§ **Problem details**
In the entries below, which lines run from the one with "Tourists play in" through the one with "Ready to go."? Repeat exactly those, both included, and no pictures.

Records supplied: Begin

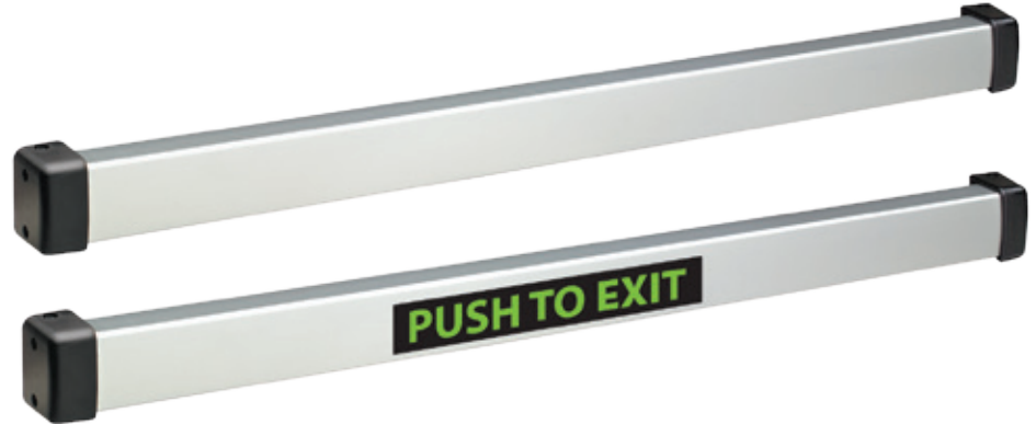
Field installed sign 1" h Green Letters
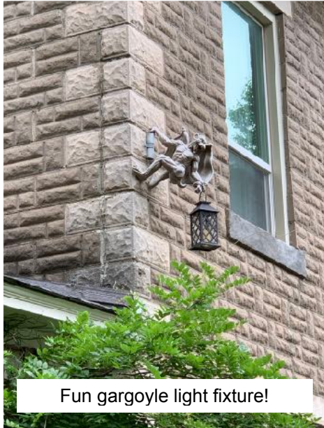
Fun gargoyle light fixture!
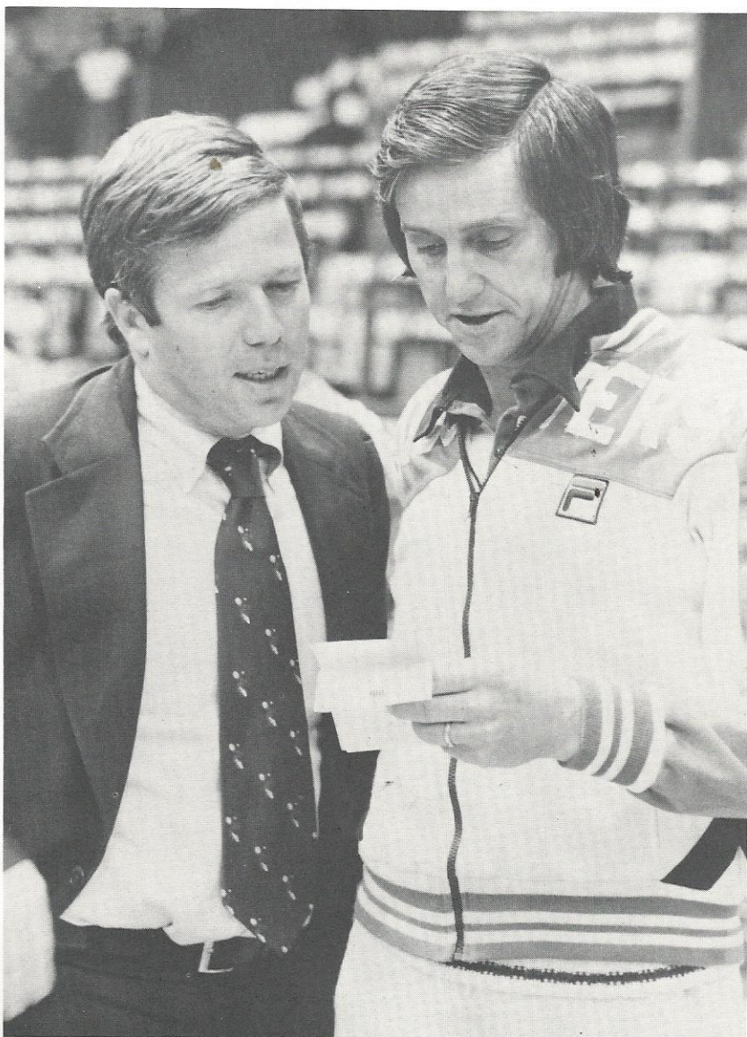
Lobsters' President Robert Kraft and Player/Coach Roy Emerson
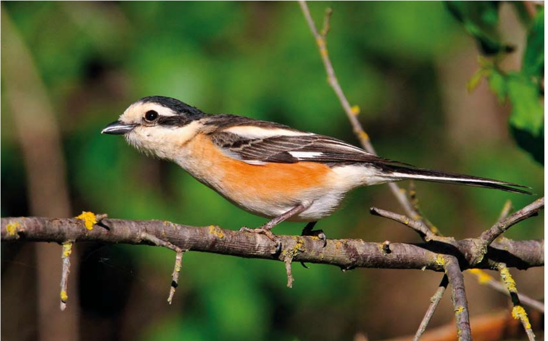
264 Masked Shrike / Maskerklauwier Lanius nubicus , adult female, Mérida, Navarra, Spain, 13 April 2014
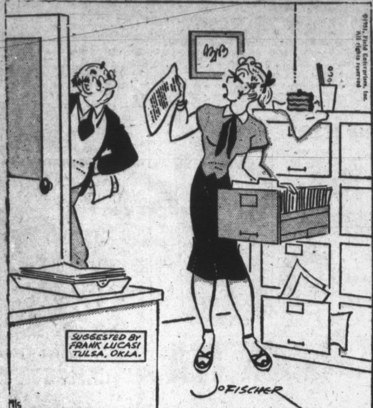
I've been filing this same letter over and over again all day, Mr. Wump. I'm pretty sure now I know where it goes.
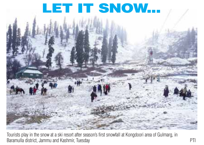
Tourists play in the snow at a ski resort after season's first snowfall at Kongdoori area of Gulmarg, in Baramulla district, Jammu and Kashmir, Tuesday

Retail inflation rose to 6.21 per cent in October from 5.49 per cent in the preceding month mainly due to higher food prices, breaching the Reserve Bank of India's (RBI's) upper tolerance level, according to official data released on Tuesday. The consumer price index-based inflation was 4.87 per cent in October 2023. The National Statistics Office data showed that inflation in the food basket rose to 10.87 per cent in October from 9.24 per cent in September and 6.61 per cent in the year-ago month. The RBI, which kept the key short-term lending rate unchanged earlier this month, has been tasked by the government to ensure inflation remains at 4 per cent with a margin of 2 per cent on either side.
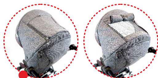
Canopy with window
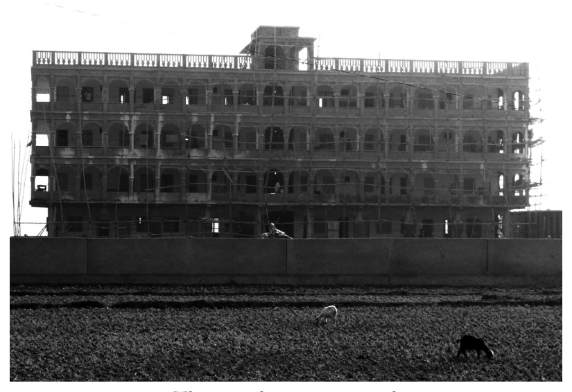
The newly constructed 'Śrī Hāḍāi Paṇḍit Padmāvatī-devī Smṛti Kuñja' in Śrī Ekachakrā Dhām (now known as Bīrchandrapur).
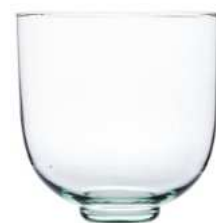
W-171 height: 190 top: 190 bottom: 75 q/p:
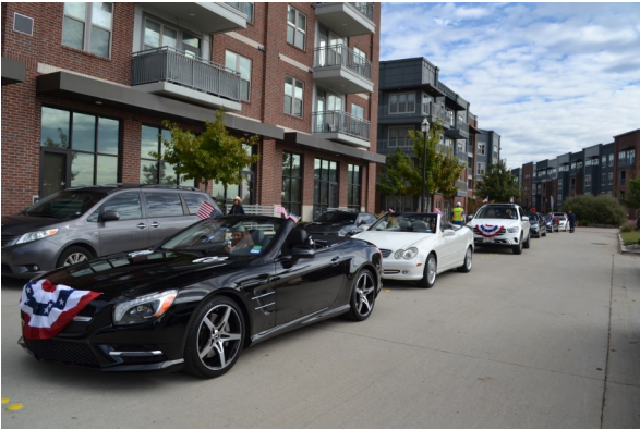
Ready to go.

Mercedes-Benz Financial Services invited us to drive our cars in Roanoke's Veterans Day Parade. Twenty-six members in 15 cars attended. They brought their favorite Mercedes, old or new, coupe, sedan, SUV or convertible. In addition to our 15 cars, 3 MBFS electric Mercedes participated.
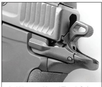
Ambidextrous Manual Thumb Safety
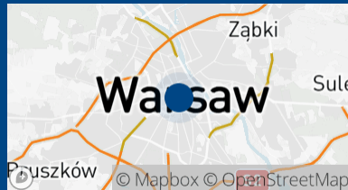
P3 Logistic Parks Sp. Z o.o. ul. Złota 59, Skylight Building, 15th Floor 00-120 Warsaw, Poland poland@p3parks.com
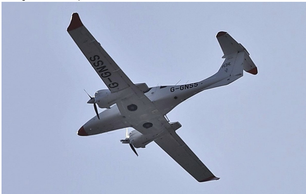
G-GNSS Diamond DA-62 09/04

Beechjet 400 SP-TTA arr 09:19 fr Tallinn dep 10:05 to Malaga, Cirrus SR22 N590CD 09:23 fr Sherburn n/stop, Diamond DA-62 G-GNSS arr 0932 fr Blackpool dep 10:56 ret at 13:08 & dep 14:15 to Shoreham (Flight Calibration), R/C F406 Caravan II G-SMMA dep 09:56 to Inverness, Diamond DA-40 Star G-EMDM f/t Oxford (11:50/16:51), Cessna 525C CJ 4 D-CEFE arr 14:19 fr Zurich dep 15:02 to Stuttgart, Cessna 404 Titan G-BWLF dep 14:48 to EMA, Bell 505 Jetranger X G-JRXV dep 14:49 to Cumbernauld,

Records supplied: End

§ **Task result**
Tourists play in the snow at a ski resort after season's first snowfall at Kongdoori area of Gulmarg, in Baramulla district, Jammu and Kashmir, Tuesday

Retail inflation rose to 6.21 per cent in October from 5.49 per cent in the preceding month mainly due to higher food prices, breaching the Reserve Bank of India's (RBI's) upper tolerance level, according to official data released on Tuesday. The consumer price index-based inflation was 4.87 per cent in October 2023. The National Statistics Office data showed that inflation in the food basket rose to 10.87 per cent in October from 9.24 per cent in September and 6.61 per cent in the year-ago month. The RBI, which kept the key short-term lending rate unchanged earlier this month, has been tasked by the government to ensure inflation remains at 4 per cent with a margin of 2 per cent on either side.
Canopy with window
The newly constructed 'Śrī Hāḍāi Paṇḍit Padmāvatī-devī Smṛti Kuñja' in Śrī Ekachakrā Dhām (now known as Bīrchandrapur).
W-171 height: 190 top: 190 bottom: 75 q/p:
Ready to go.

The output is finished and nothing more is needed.